» Given information:

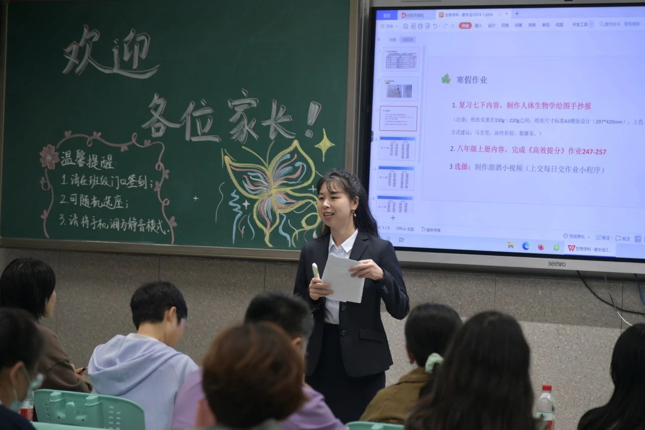 1月18日晚上7:00,家长会准时召开,初一至初三年级学生家长们进班与班主任、各科老师交流学生在校情况。除此之外,初二年级家长还在报告厅听取了心理学科吕真真老师讲授的亲子沟通讲座——《温暖的对话——如何与真实的孩子相处》。
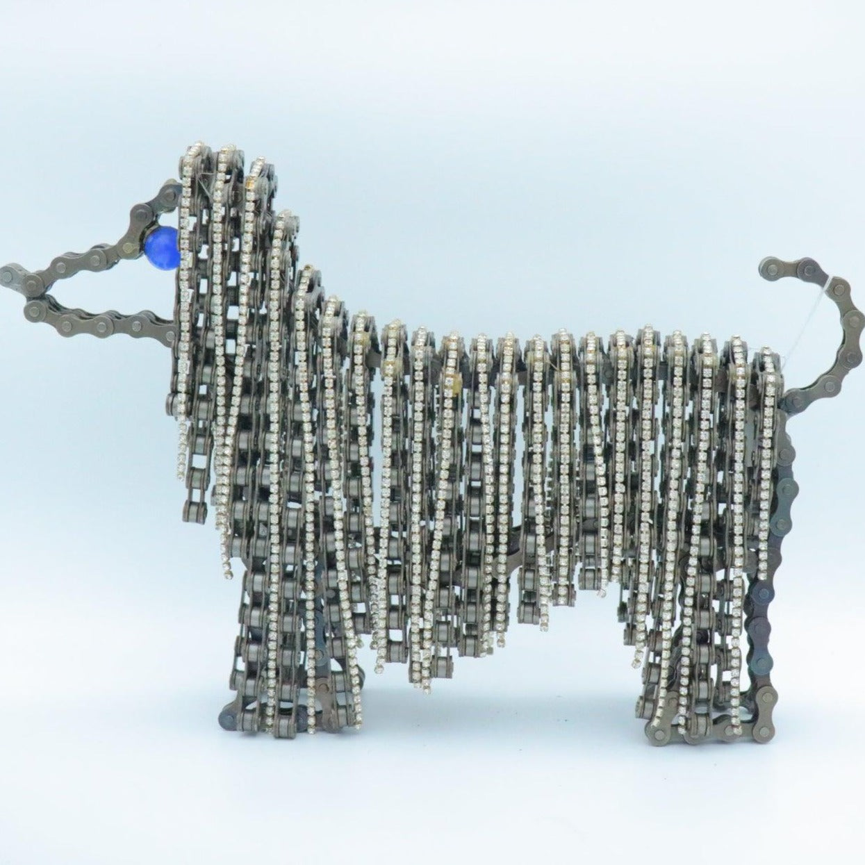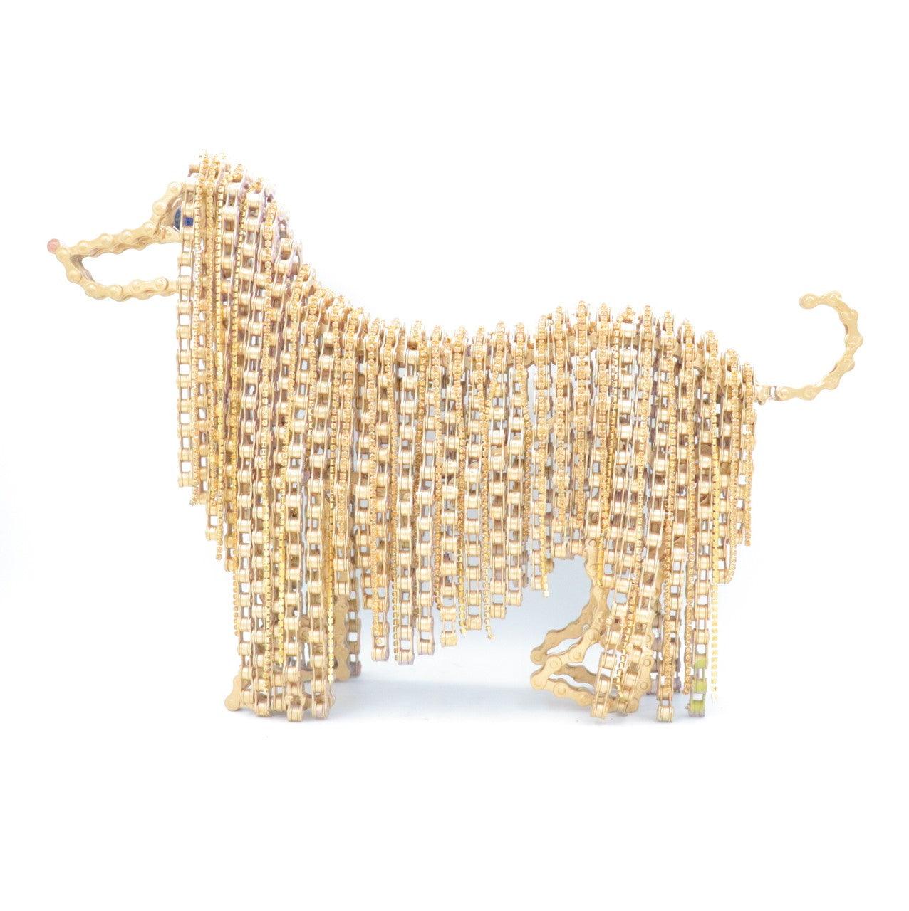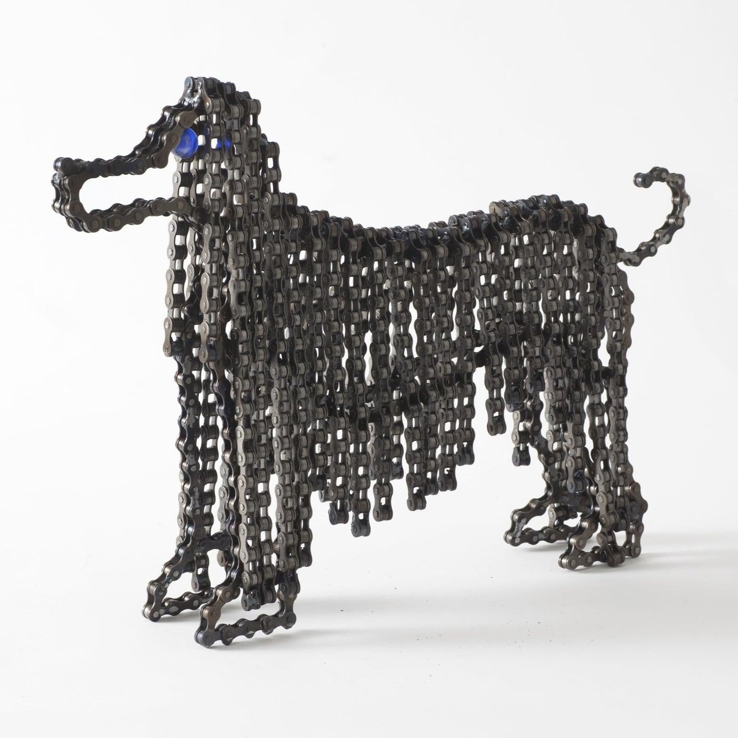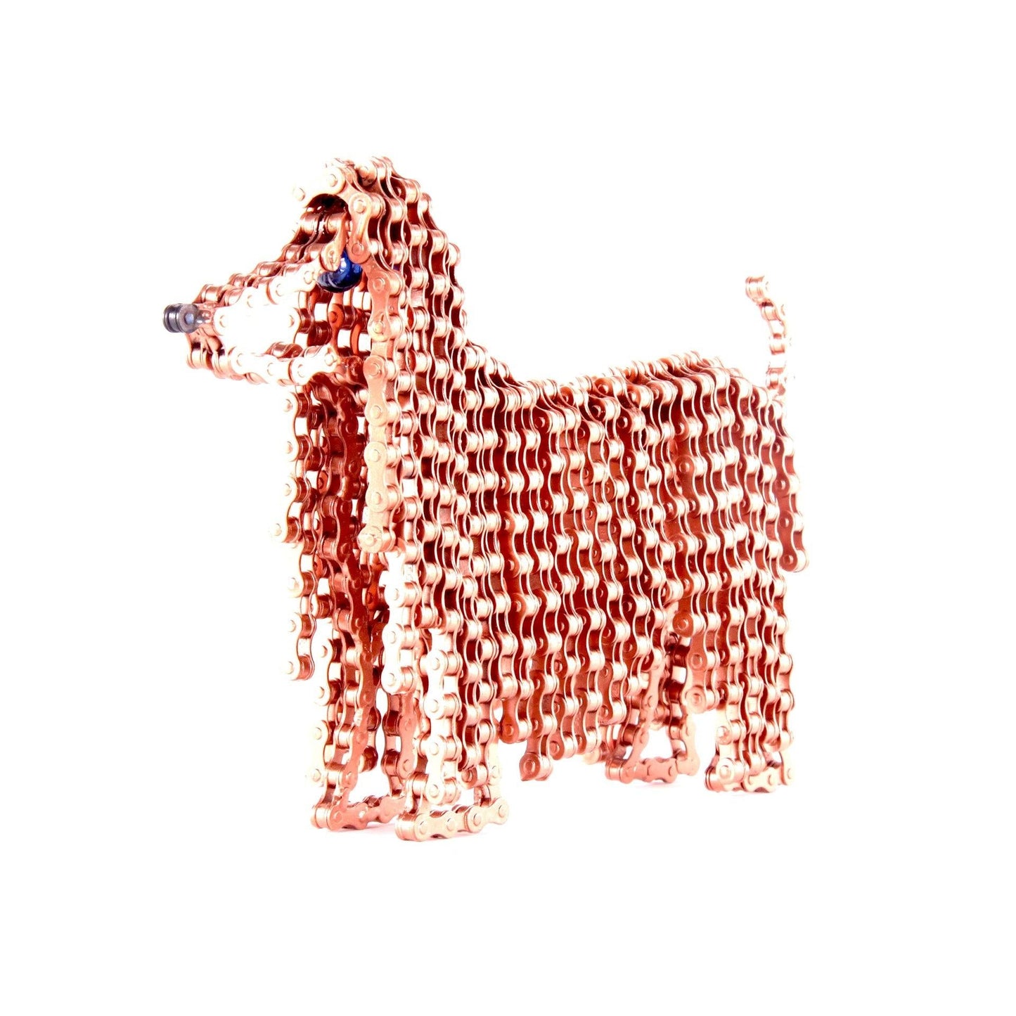 A modern art sculpture of a standing Afghan Hound dog with marble eyes.
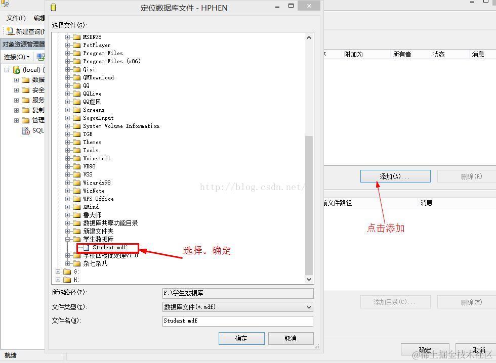 选择添加并在SQL源文件地址找到.mdfl类型文件>>>>确定添加
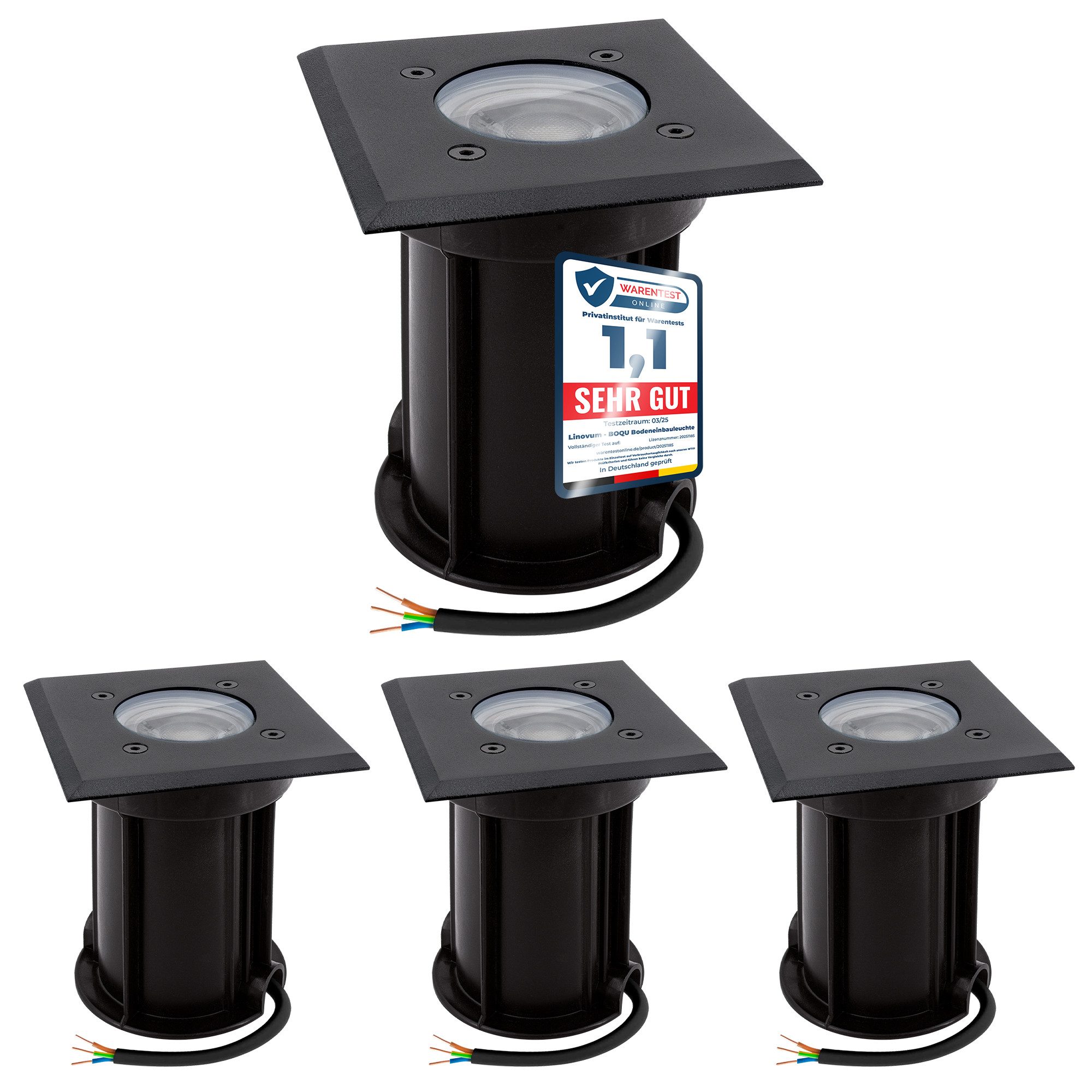 Lieferumfang | 4x Bodeneinbauleuchte BOQU schwarz4x LED Lampe GU10 3W neutralweiß4x Einbaudose |

» What you will do: Type the lines above out again exactly as they appear, skipping every picture.

» Solution:
 1月18日晚上7:00,家长会准时召开,初一至初三年级学生家长们进班与班主任、各科老师交流学生在校情况。除此之外,初二年级家长还在报告厅听取了心理学科吕真真老师讲授的亲子沟通讲座——《温暖的对话——如何与真实的孩子相处》。
 A modern art sculpture of a standing Afghan Hound dog with marble eyes.
 选择添加并在SQL源文件地址找到.mdfl类型文件>>>>确定添加
 Lieferumfang | 4x Bodeneinbauleuchte BOQU schwarz4x LED Lampe GU10 3W neutralweiß4x Einbaudose |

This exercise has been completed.